To find the initial speed of the bullet, we can use the principle of conservation of momentum and the principle of conservation of mechanical energy.

1. Conservation of Momentum:
The initial momentum of the bullet-block system is zero since the block is initially at rest. After the collision, the block and the bullet move together with a common velocity. So, we can write:

(mass of bullet) * (velocity of bullet) = (mass of bullet + mass of block) * (common velocity)

Substituting the given values:
(0.005 kg) * v1 = (0.005 kg + 1.00 kg) * v2

2. Conservation of Mechanical Energy:
The total mechanical energy of the system is conserved. The initial energy is in the form of gravitational potential energy, given by mgh, and the final energy is in the form of kinetic energy, given by (1/2) * (mass of bullet + mass of block) * (common velocity)^2. So, we can write:

Initial energy = Final energy
(mass of bullet + mass of block) * g * h = (1/2) * (mass of bullet + mass of block) * v2^2

Substituting the given values:
(0.005 kg + 1.00 kg) * 9.8 m/s^2 * 0.050 m = (1/2) * (0.005 kg + 1.00 kg) * v2^2

Simplifying the equation, we get:
0.049 kg * 9.8 m/s^2 * 0.050 m = 0.5025 kg * v2^2
0.02401 kg m^2/s^2 = 0.5025 kg * v2^2
v2^2 = (0.02401 kg m^2/s^2) / 0.5025 kg
v2^2 = 0.0478 m^2/s^2
v2 = √(0.0478 m^2/s^2)

Now, we can substitute the value of v2 back into the momentum equation to solve for v1:
(0.005 kg) * v1 = (0.005 kg + 1.00 kg) * √(0.0478 m^2/s^2)

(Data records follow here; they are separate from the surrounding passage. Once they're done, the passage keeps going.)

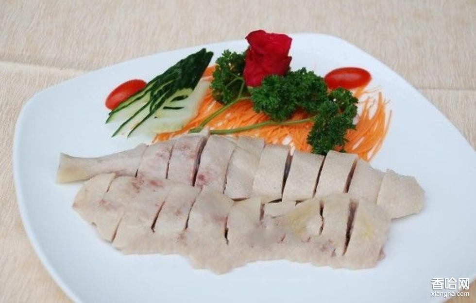 番薯鴨是防城港的一種優(yōu)質(zhì)土鴨,肉質(zhì)鮮美細(xì)膩,骨細(xì)肉多,香脆可口。國(guó)宴樓廚師根據(jù)防城港本地人偏愛(ài)原汁原味的喜好,制作出別具防城港特色的白切番薯鴨,并配以檸檬、香油等蘸料,味美鮮香,分外可口。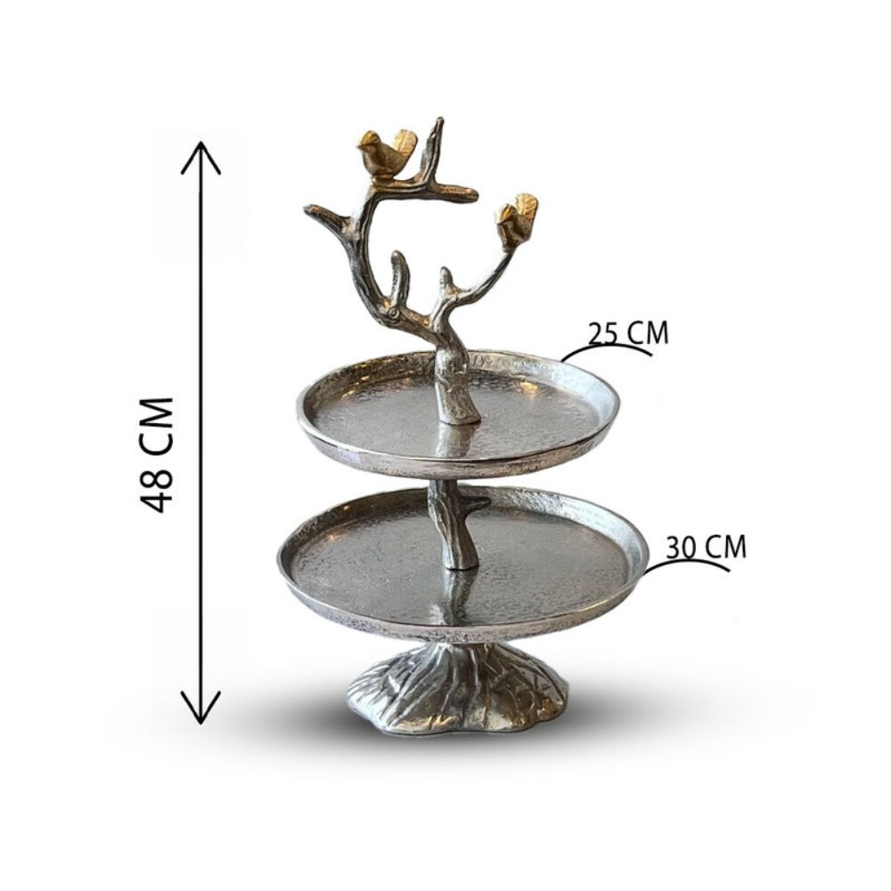 | مقاس حامل الكيك | الارتفاع 48 سم * قطر الدور الكبير 30 سم * قطر الدور الصغير 25 سم |
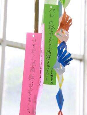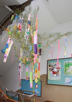 七夕に向けて、生徒たちの思いを書いた短冊と一緒に飾らせていただきます。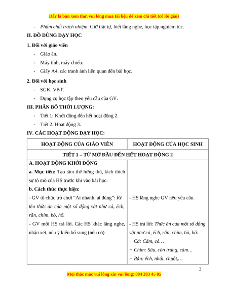 - Tiết 1: Khởi động đến hết hoạt động 2. - Tiết 2: Hoạt động 3.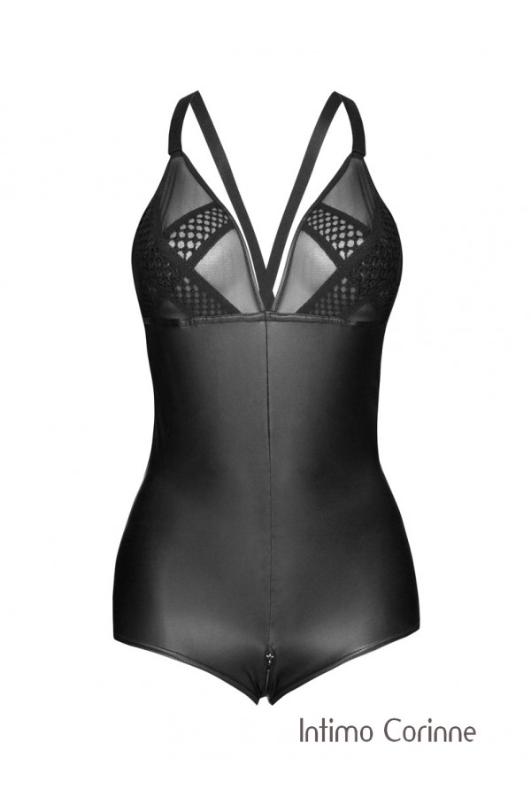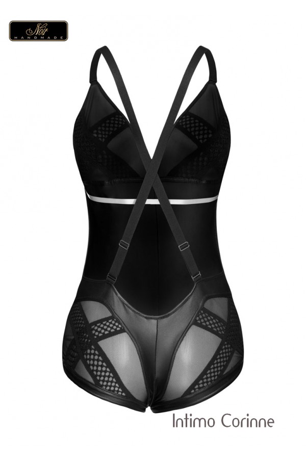 Body a pantaloncino per un aspetto supersexy. Realizzato con tessuto lucido elasticizzato effetto bagnato e tulle con strisce a croce sul seno e nella parte posteriore del pantaloncino. L'allacciatura è costituita da lunghe bretelle che si estendono sulla schiena lasciandola nuda e un nastro trasparente in silicone orizzontale entrambi regolabili. Una comoda cerniera al cavallo completa questo bellissimo indumento. Un capo esclusivo di alta qualità della collezione Noir Handmade prodotto in Europa. Realizzato anche in numerose taglie comode.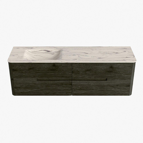 Mondiaz CIRO-DLUX Badkamermeubelset - 160x45x50cm - Solid surface wastafel Nata - 1 wasbak Links - zonder kraangaten - 4 lades - Shadow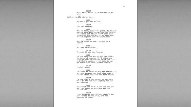 Script: "The Social Network" by Aaron Sorkin. My review of the first scene.

v1 = ((0.005 kg + 1.00 kg) * √(0.0478 m^2/s^2)) / 0.005 kg

Simplifying further:
v1 = (1.005 kg * √(0.0478 m^2/s^2)) / 0.005 kg
v1 = 1.005 * √(0.0478 m^2/s^2) kg / kg
v1 = 1.005 * √(0.0478 m^2/s^2)

Calculating the value:
v1 = 1.005 * 0.218 m/s
v1 ≈ 0.219 m/s

Therefore, the initial speed of the bullet is approximately 0.219 m/s.